To the extent allowable pursuant to applicable law, each member of the Committee or of the Board and any person to whom the Committee has delegated any of its authority under the Plan shall be indemnified and held harmless by the Company from any loss, cost, liability, or expense that may be imposed upon or reasonably incurred by such person in connection with or resulting from any claim, action, suit, or proceeding to which he or she may be a party or in which he or she may be involved by reason of any action or failure to act pursuant to the Plan and against and from any and all amounts paid by him or her in satisfaction of judgment in such action, suit, or proceeding against him or her; provided he or she gives the Company an opportunity, at its own expense, to handle and defend the same before he or she undertakes to handle and defend it on his or her own behalf. The foregoing right of indemnification shall not be exclusive of any other rights of indemnification to which such persons may be entitled pursuant to the Company’s certificate of incorporation or bylaws, as a matter of law, or otherwise, or any power that the Company may have to indemnify them or hold them harmless.

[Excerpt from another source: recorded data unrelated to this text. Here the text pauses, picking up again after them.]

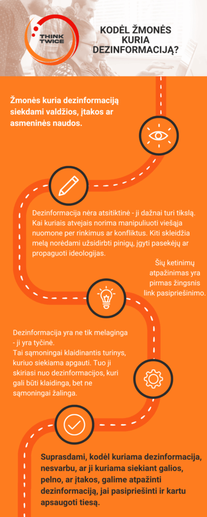 Suprasdami, kaip kuriama dezinformacija, kodėl ji egzistuoja, kokias formas ji įgauna ir kas ją skleidžia, galime apsaugoti save ir savo bendruomenes nuo manipuliacijų.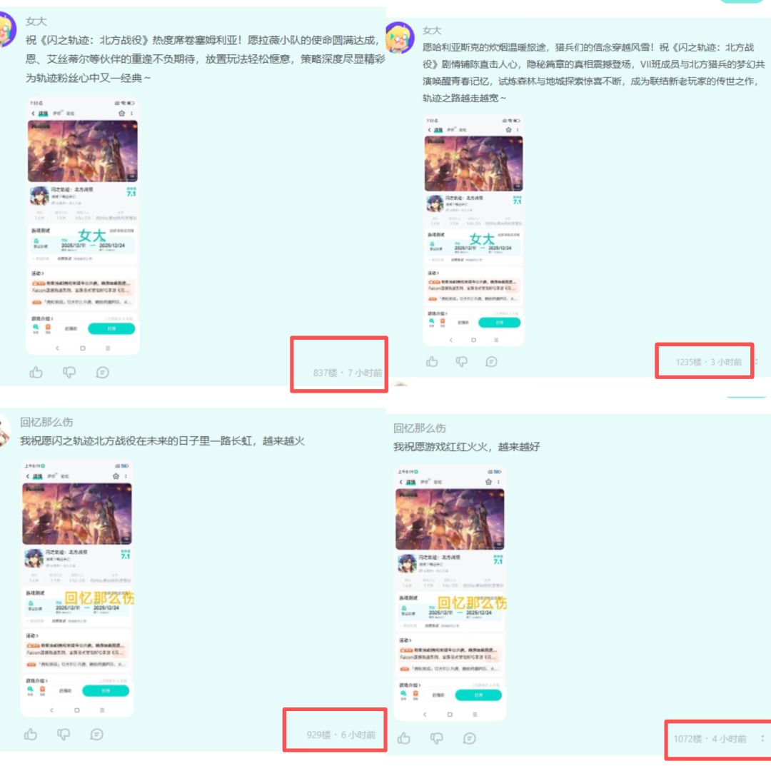 2.评论留下你对《闪之轨迹:北方战役》的祝福,并且附上TapTap id的报名测试水印截图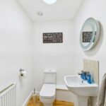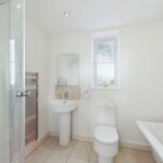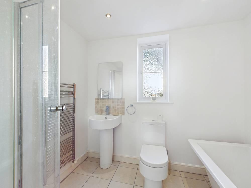 Suite comprising of a freestanding bath tub with chrome mixer tap, hand wash basin with a chrome mixer tap, a low-level flush wc and a corner walk-in shower cubicle with a mains feed chrome shower and controls. Chrome heated towel radiator. Part tiling to the walls and tiling to the floor. To the ceiling there are spotlights and an extractor fan. UPVC double glazed window to the rear elevation.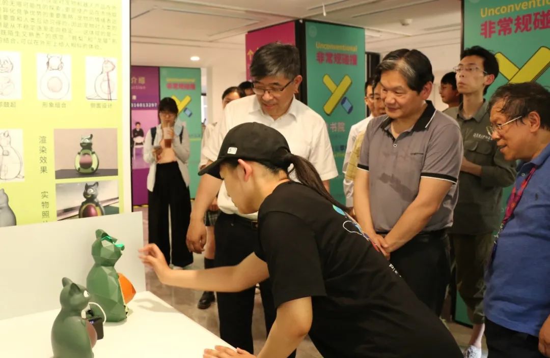 随后,郑力、甘阳、马赛、徐迎庆等共同为展览剪彩。所有嘉宾与师生共同参观了展览。展厅中一件件既有工程巧思,又富有造型美感的作品让大家一次次驻足观看、讨论、互动。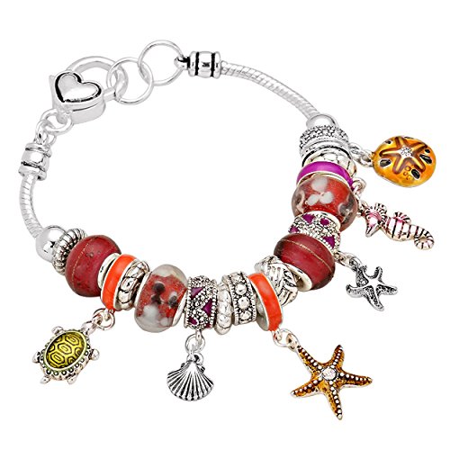 -. Feature : Bracelet features murano glass beads, highly detailed spacer beads and dangling beach theme charms / Thick silver tone snake chain with a large lobster clasp closure / 7 inch length with 3 inch extension, fits small to medium wrists / Beautiful Style bead charm bracelet / This beautiful bracelet is a great accessory to any outfit
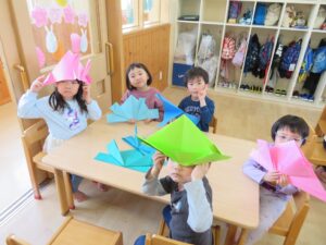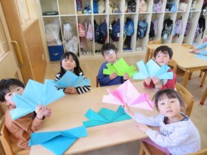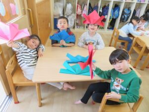 今日は折り紙でこいのぼりを作りました!

24.Compliance With Code Section 409A.

Awards will be designed and operated in such a manner that they are either exempt from the application of, or comply with, the requirements of Code Section 409A, except as otherwise determined in the sole discretion of the Administrator. The Plan and each Award Agreement under the Plan is intended to meet the requirements of Code Section 409A and will be construed and interpreted in accordance with such intent, except as otherwise determined in the sole discretion of the Administrator. To the extent that an Award or payment, or the settlement or deferral thereof, is subject to Code Section 409A the Award will be granted, paid, settled or deferred in a manner that will meet the requirements of Code Section 409A, such that the grant, payment, settlement or deferral will not be subject to the additional tax or interest applicable under Code Section 409A.

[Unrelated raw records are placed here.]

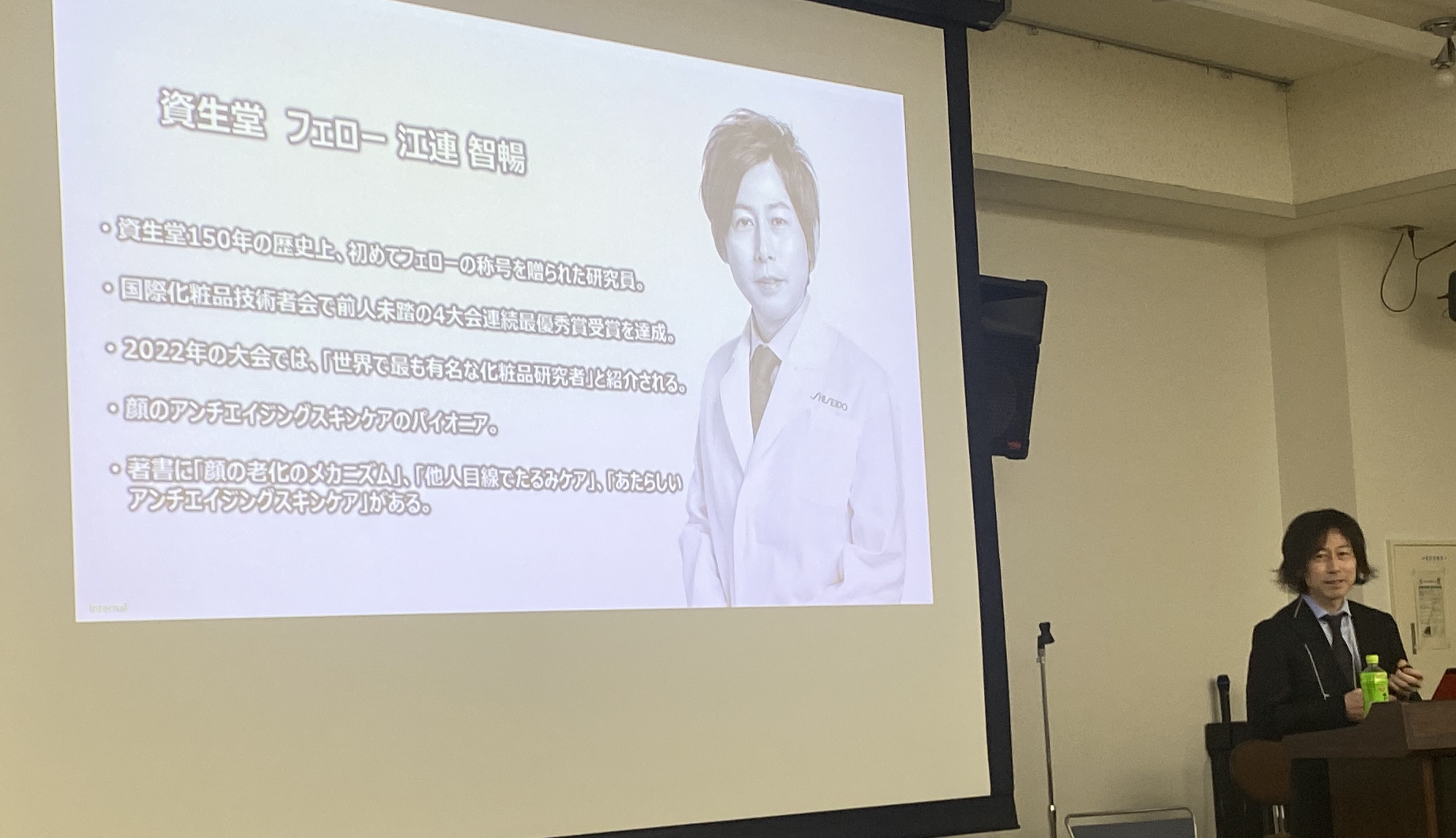 - 2023年11月30日に当講座主催の特別講演会を開催いたしました。当日は、客員教授である(株)資生堂フェローの江連智暢博士をお迎えし、”顔の老化のメカニズム~スキンケア研究の最先端~”についてご講演いただきました。詳細については【こちら】をご覧ください。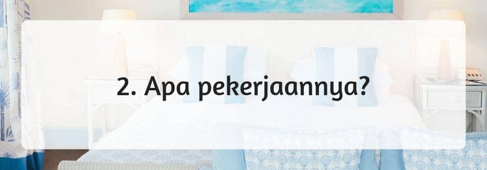 Ketahui apa pekerjaannya, apakah ia bekerja dengan sistem pembagian shift atau di jam kerja pada umumnya. Jam kerja teman sekamarmu juga dapat mempengaruhi pola hidupmu. Misalnya saatnya kamu istirahat rekanmu justru sedang bersiap-siap untuk bekerja, apakah kamu sudah siap dengan situasi seperti itu atau justru lebih nyaman dengan teman yang memiliki jam kerja kurang lebih sama denganmu? Ini menjadi hal yang cukup penting untuk dipertimbangkan.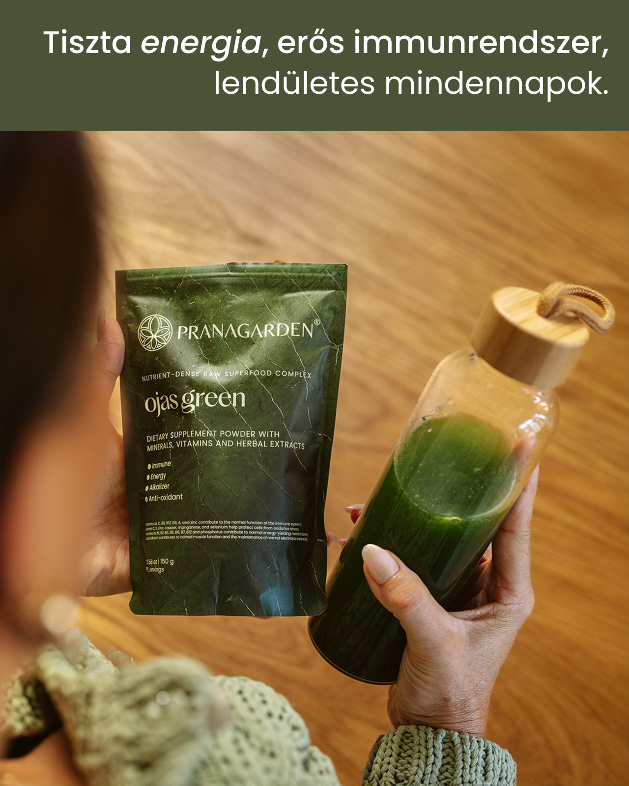 Az OjasGreen több mint 50 természetes összetevőt tartalmaz (zöldek, gyógynövények, vitaminok, probiotikumok).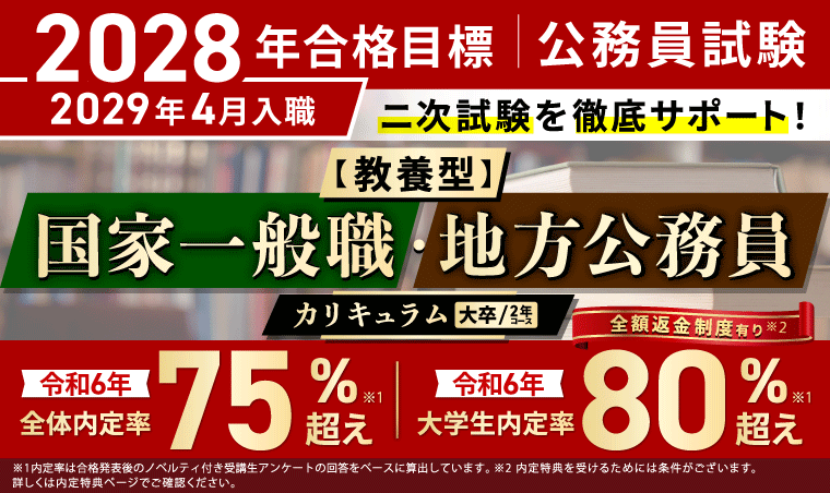 公務員試験【2028年合格目標】【教養型】国家一般職・地方公務員カリキュラム(フル・ライト)(大卒/2年コース)リリース!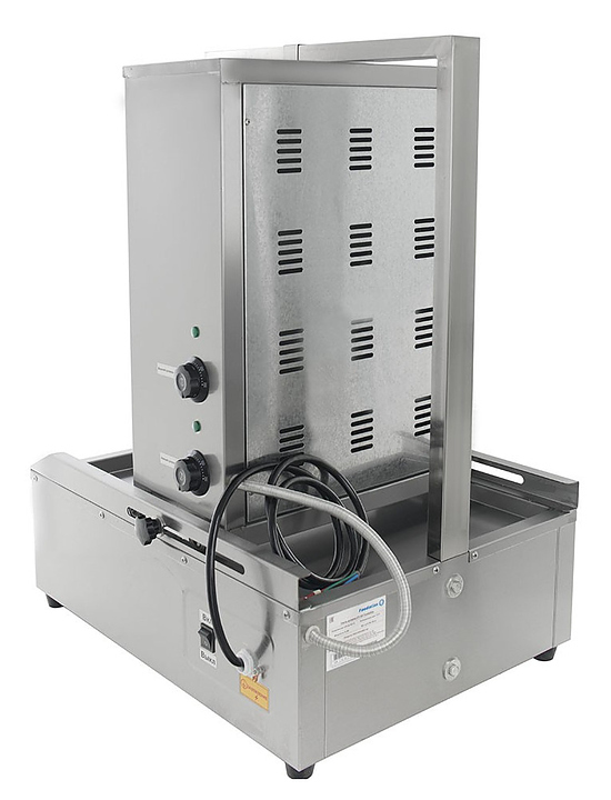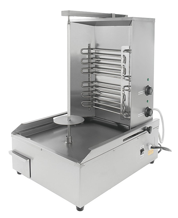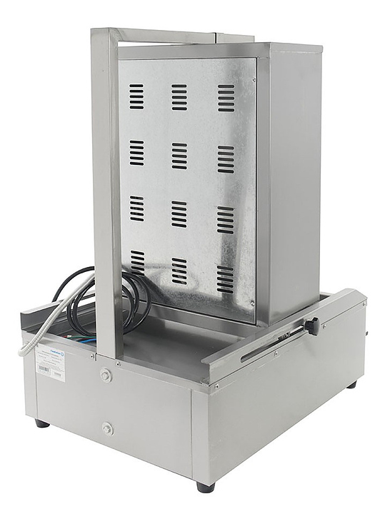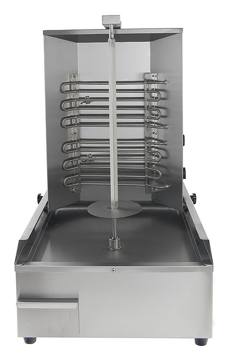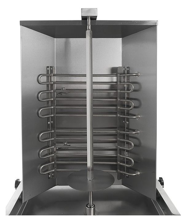 Гриль для шаурмы Foodatlas CY-50 предназначен для обжарки мяса на предприятиях общественного питания и торговли. Вертикальная модель оснащена поддоном для масла, 3 нагревательными элементами и 2 регуляторами температуры. Корпус выполнен из нержавеющей стали.

25.Cancellation of Award; Forfeiture of Gain.

Notwithstanding anything to the contrary contained herein, an Award Agreement may provide that:

A.Any Award which is subject to recovery under any law, government regulation, stock exchange listing requirement, or Company policy, will be subject to such deductions and clawback as may be required to be made pursuant to such law, government regulation or stock exchange listing requirement, or any policy adopted by the Company pursuant to any such law, government regulation or stock exchange listing requirement or otherwise.
B.If the Participant, without the consent of the Company, while employed by or providing services to the Company, Parent or any Subsidiary Employer or after termination of such employment or service, violates a noncompetition, nonsolicitation or nondisclosure covenant or agreement or otherwise engages in activity that is in conflict with or adverse to the interest of the Company, Parent or any Subsidiary or Employer, as determined by the Committee in its sole discretion, then (i) any outstanding, vested or unvested, earned or unearned portion of the Award may, at the Committee’s discretion, be cancelled, and (ii) the Committee, in its discretion, may require the Participant or other person to whom any payment has been made or Shares or cash have been transferred in connection with the Award to forfeit and pay over to the Company, on demand, all or any portion of the gain (whether or not taxable) realized upon the exercise of any Option and the value realized (whether or not taxable) on the vesting or payment of any other Award during the time period specified in the Award Agreement.